## Data provided

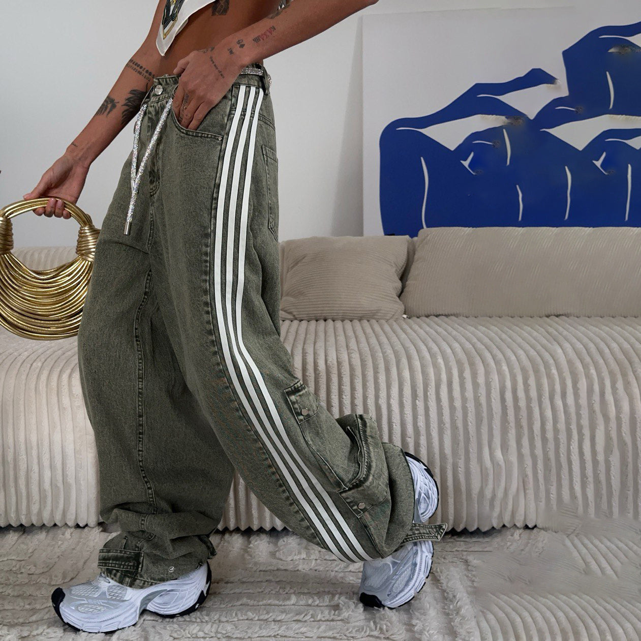 Women's Patchwork Strap Belt Versatile Casual High Jeans
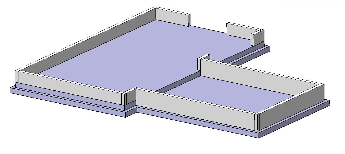 landhausbauer03.06.19 18:36Vielen Dank für die Hilfe und die detaillierten Einblicke! Natürlich soll/muss am Ende ein Architekt/Statiker drüber schauen, jedoch hoffe ich, dass meine Entwürfe die nötige Reife haben, um nachträglich große Änderungen zu vermeiden. Als Ergänzung unten ein Modell der Bodenplatte wie ich mir sie momentan vorstelle. Zu sehen ist, dass die Bodenplatte nur im inneren Bereich des Haupthauses erhöht ist. Außerdem sind die Ziegel der Außenwand angedeutet. Für die Kompletierung zum dreischaligen Mauerwerk (so ist es momentan geplant) sollen Dämmung und Klinker auf den niedrigeren Absatz (gleiche Höhe wie Garage) gesetzt werden. D.h. für Dämmung und Klinker gibt es keinen Absatz und umlaufend um das Haus die gleiche Höhe -> keine optischen Probleme. Problematisch sehe ich, dass der Absatz der Bodenplatte exakt die gleiche Höhe wie ein Ziegel haben muss.
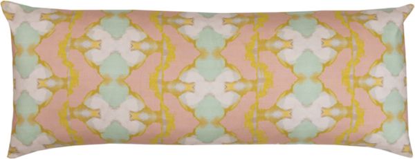 Laura Park Designs Lily Pond Apricot bolster pillow features 90% cotton/10% linen, double-sided print with knife-edge finish and concealed zipper with a 95/5 feather-down insert.Read More
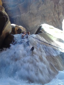 Ainda assim, esta experiência logo no começo das férias esteve à beira de as estragar. Na descida de uma das pedras maiores e que envolvia uma queda na água um pouco turbulenta aqui a míope deixou cair os óculos. Pânico… como descobri-los naquela torrente de água que ora fazia redemoinhos junto à pedra, ora a fazia correr em direcção ao próximo desnível? Vá que pelos vistos os miúdos jordanos são determinados e Ahmad não perdeu tempo em, mesmo de mão no nariz, mergulhar e achar os meus óculos. Obrigado Ahmad.

## Prompt
Both the line containing "Laura Park Designs" and the last line of the listing above belong in the copy, along with every line between them; retype them exactly and omit the pictures.

## Output below
 Laura Park Designs Lily Pond Apricot bolster pillow features 90% cotton/10% linen, double-sided print with knife-edge finish and concealed zipper with a 95/5 feather-down insert.Read More
 Ainda assim, esta experiência logo no começo das férias esteve à beira de as estragar. Na descida de uma das pedras maiores e que envolvia uma queda na água um pouco turbulenta aqui a míope deixou cair os óculos. Pânico… como descobri-los naquela torrente de água que ora fazia redemoinhos junto à pedra, ora a fazia correr em direcção ao próximo desnível? Vá que pelos vistos os miúdos jordanos são determinados e Ahmad não perdeu tempo em, mesmo de mão no nariz, mergulhar e achar os meus óculos. Obrigado Ahmad.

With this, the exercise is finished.